Wednesday, February 14, 2007

Chapter Thirty-two

They had moved steadily through the day, stopping about noon, or what they believed to be noon for something to eat. They had hidden in a thicket and buried the remains of the meal, though Price didn't think anyone or anything would be following them to search for the remains of the meal. They drank some water and then pressed on.

They crossed an open field that looked to be cultivated. The ground was soft, as if it had been plowed, but there were no straight lines of crops, just a uniformness of the plants that suggested farming. They found no buildings, no houses or equipment sheds. They discovered no roads and the one river they crossed was clean and pure. No sign of any pollution, no cans or old tires or wrecked cars. And no fish.

They continued to march, hearing nothing other than the noise they made. No where could they find animals or insects or the sounds of civilization.

And then, suddenly, that all changed.
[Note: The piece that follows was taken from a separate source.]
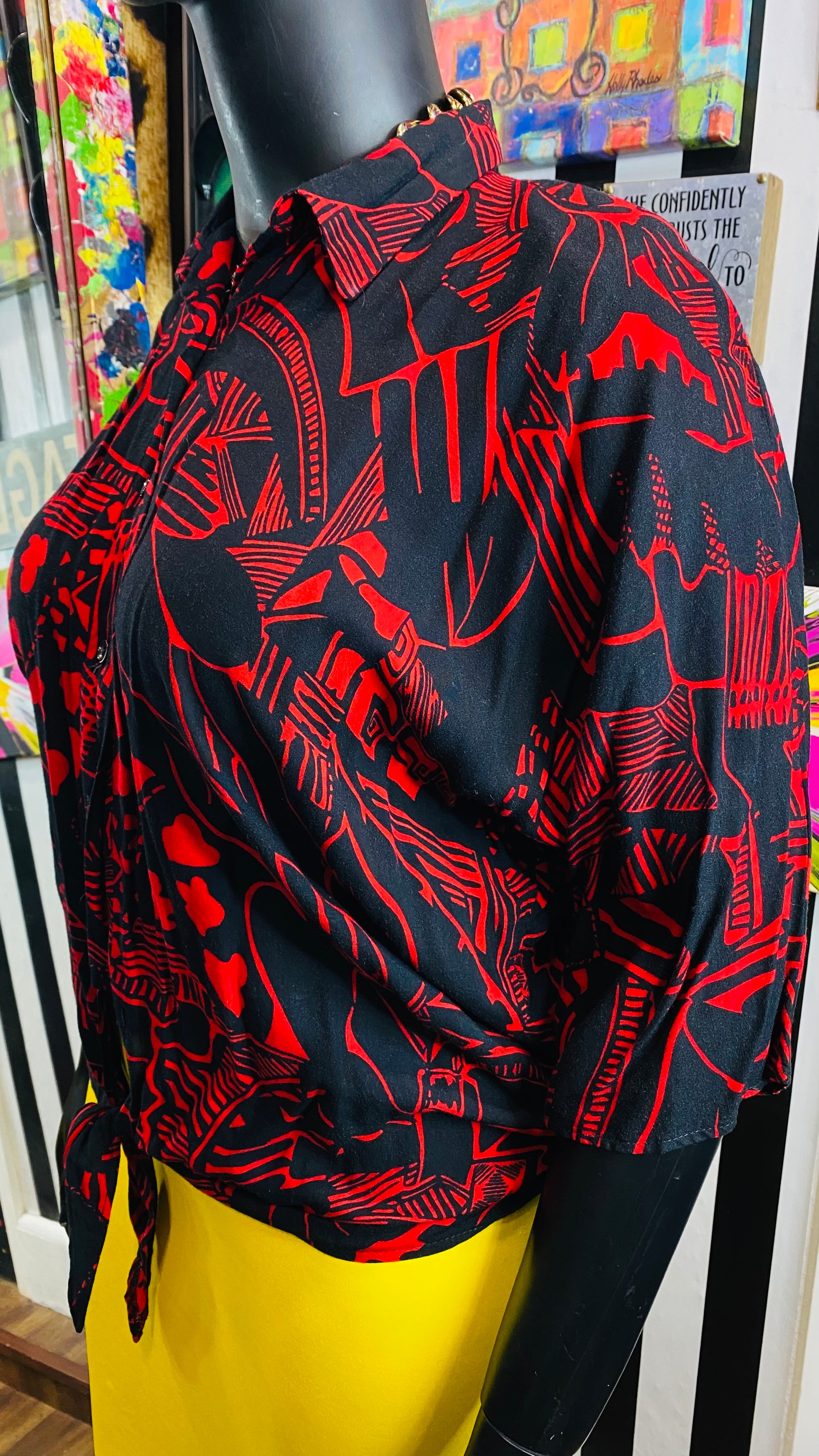 Vintage Rayon Abstract Tie Front Blouse (24)

Price believed they were getting close to the outskirts of the city. They had traveled ten or twelve miles and hadn't been that far from the southern most reaches of the city.

They had been walking through a forest that had a strange, manicured look to it. Grass, or the equivalent, not tangle of undergrowth, and trees that were space out. Clumps of bushes and trees were scattered through the forest, but even those had a regular look to them, as if someone had planned it all out carefully.
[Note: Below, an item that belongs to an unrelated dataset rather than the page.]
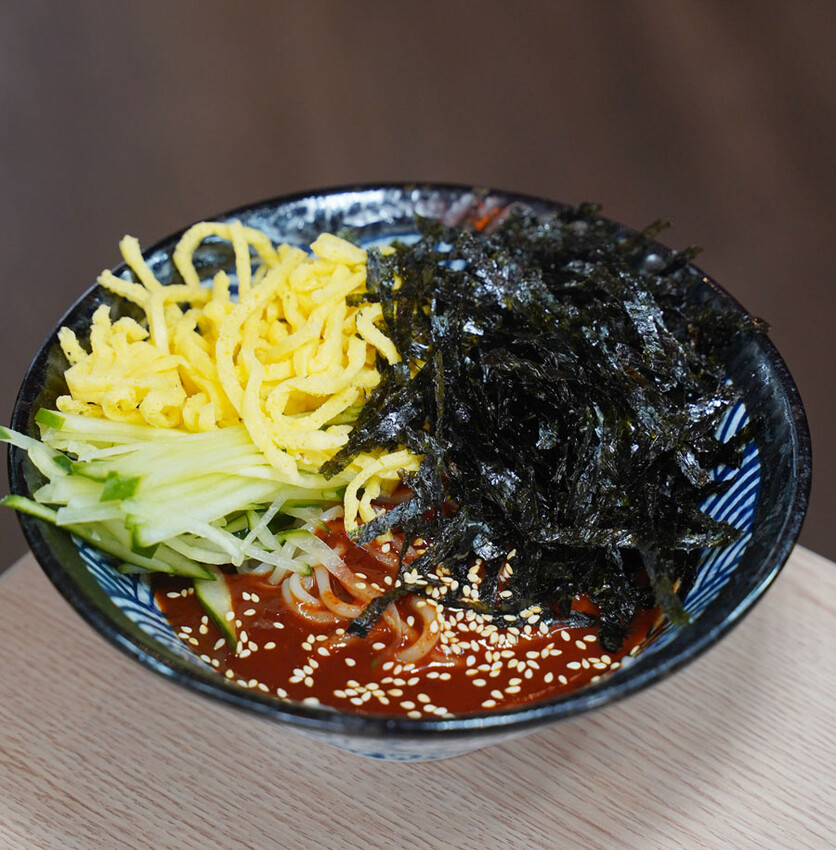 好吃推薦香醇好吃韓式冷拌麵,使用正宗韓國麵條,加入小黃瓜、蛋絲、海苔

At the edge of the forest they stopped so that Price could crawl forward. There was another open field, but this had the look of a desert. It was a large area that contained almost no plants, was level, as if it had been plowed, and was filled with sand. Heat radiated from it, though at the upper latitudes, it wasn't as hot as it could have been if it had been located near the equator.

Right in the middle of it was a clump of machinery painted a bright red. A half dozen creatures were scrambling over it, one of them sitting in the center of it looking as if it was the driver.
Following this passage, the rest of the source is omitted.